To evaluate the model's performance, we need to split the data into a training set and a testing set. We will use a standard 5/6 split for training and 1/6 for testing.

```{r}
n <- length(Y_Boston)

# Set a seed for reproducibility
set.seed(1025)

# Create a training set containing 5/6 of the data
TrainSet <- sort(sample.int(n, 5 * n / 6))

# The remaining data will be our test set
TestSet <- setdiff(1:n, TrainSet)
```

### 3. Training the Model

Now we can run the main `AddiVortes` function on our training data. We will specify several parameters for the algorithm, such as the number of iterations and trees.

```{r}
# Run the AddiVortes algorithm on the training data
results <- AddiVortes(y = Y_Boston[TrainSet], 
                      x = X_Boston[TrainSet, ],
                      m = 200, 
                      totalMCMCIter = 2000, 
                      mcmcBurnIn = 200, 
                      nu = 6, 
                      q = 0.85, 
                      k = 3, 
                      sd = 0.8, 
                      Omega = 3, 
                      LambdaRate = 25,
                      IntialSigma = "Linear",
                      showProgress = FALSE)
```

### 4. Making Predictions and Evaluating Performance

With a trained model object, we can now make predictions on our unseen test data.
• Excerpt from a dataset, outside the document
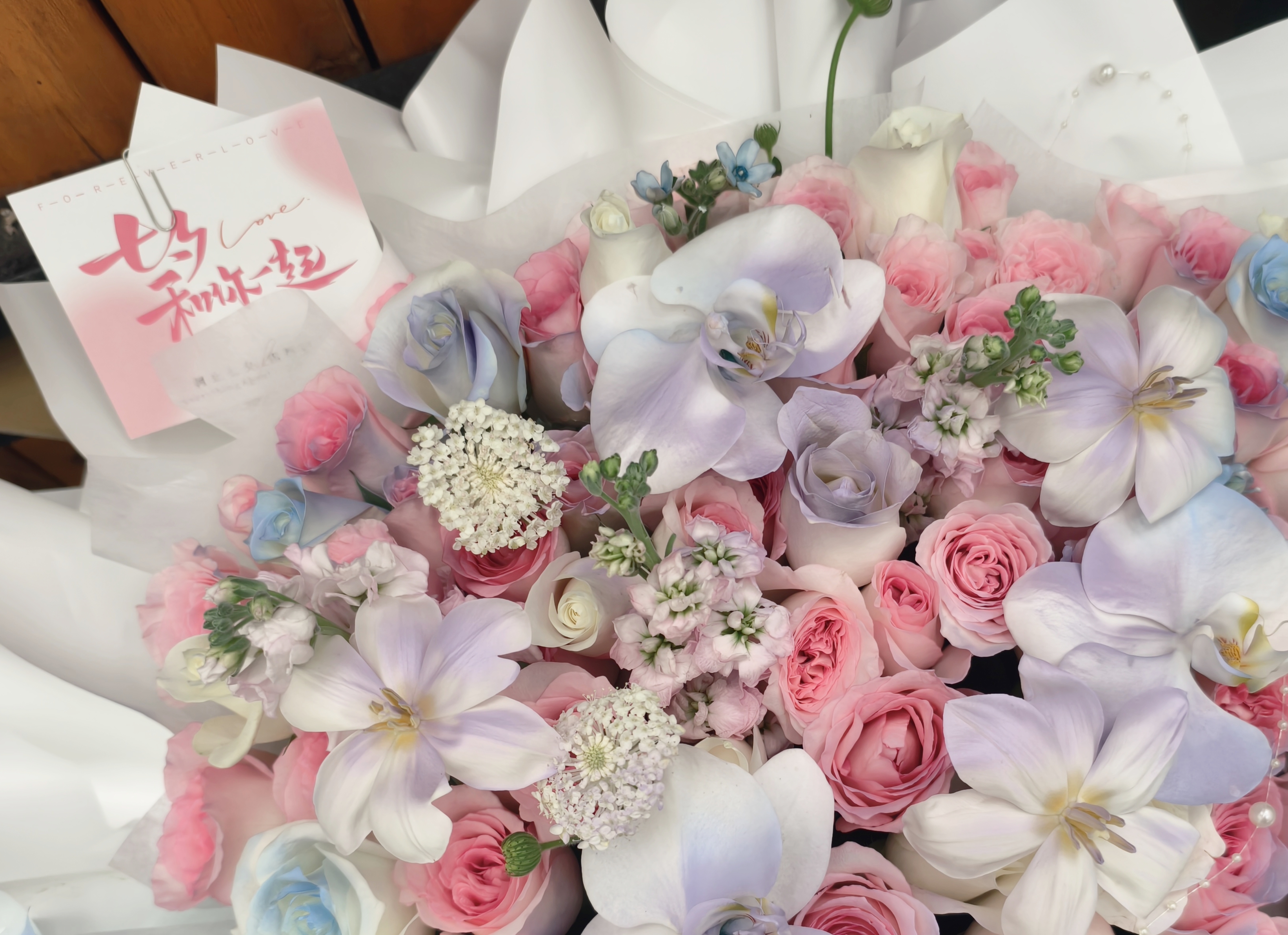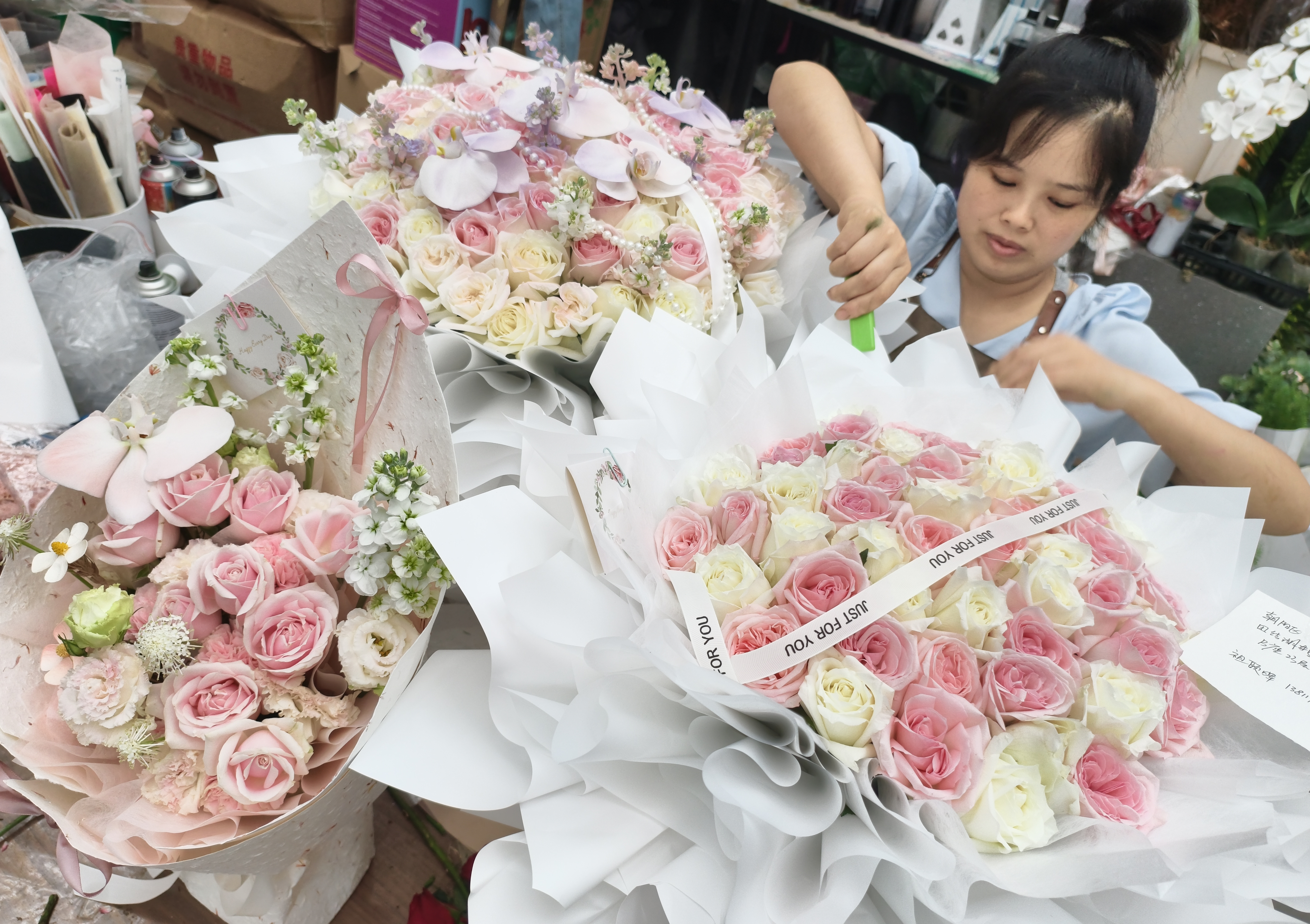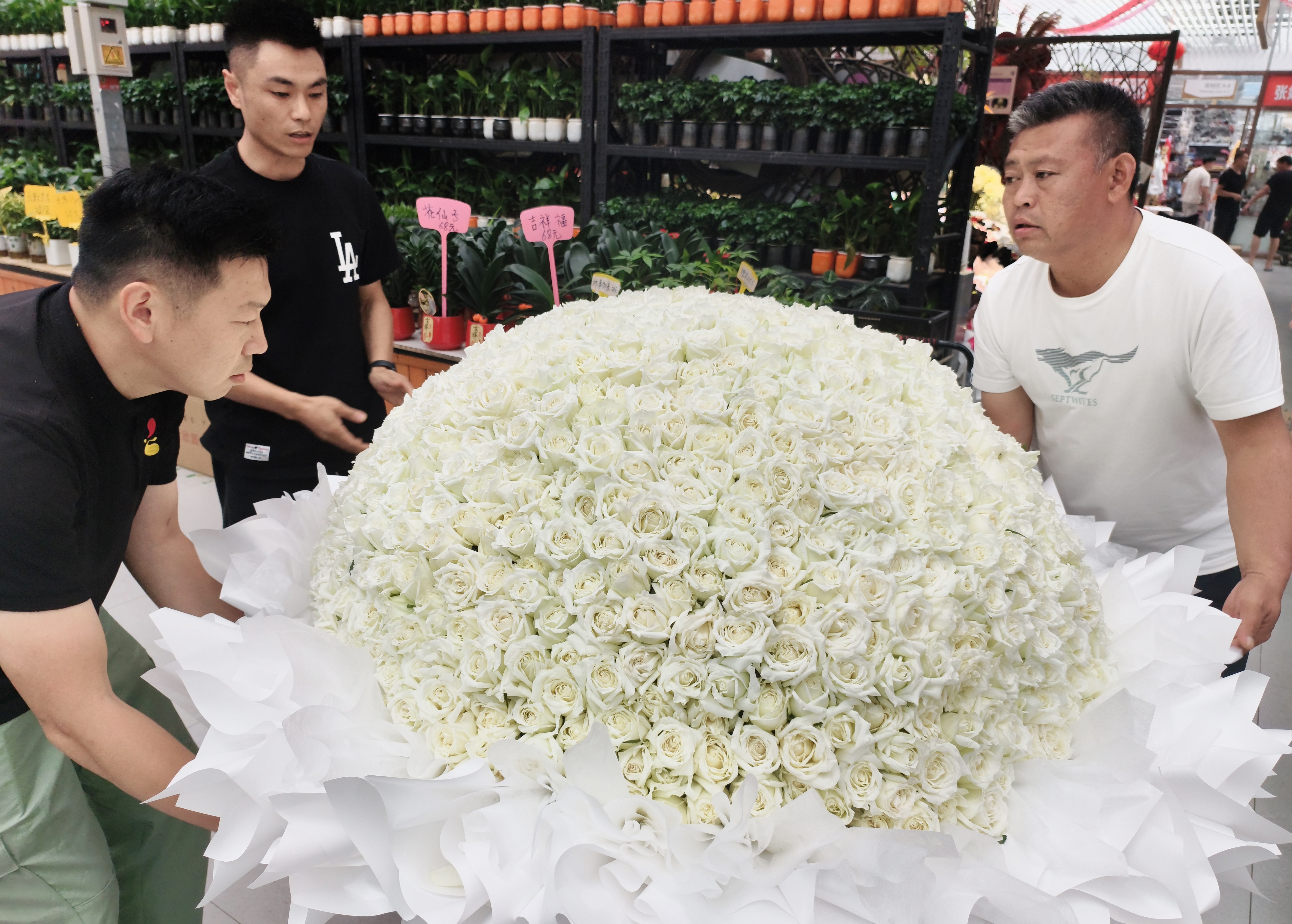 其中一家花卉经销商花了三个多小时为客户精心制作了一株999朵白玫瑰组成的花束。

We will then calculate the Root Mean Squared Error (RMSE) to see how well the model performed.

```{r}
# Generate predictions on the test set
preds <- predict(results,
                 X_Boston[TestSet, ],
                 showProgress = FALSE)

# The RMSE is contained in the results object
cat("In-Sample RMSE:", results$inSampleRmse, "\n")

# Calculate the Root Mean Squared Error (RMSE) for the test set
rmse <- sqrt(mean((Y_Boston[TestSet] - preds)^2))
cat("Test Set RMSE:", rmse, "\n")
```

### 5. Visualising the Results

Finally, a good way to assess the model is to plot the predicted values against the true values. For a perfect model, all points would lie on the equality line (y = x). We will also plot the prediction intervals to visualise the model's uncertainty.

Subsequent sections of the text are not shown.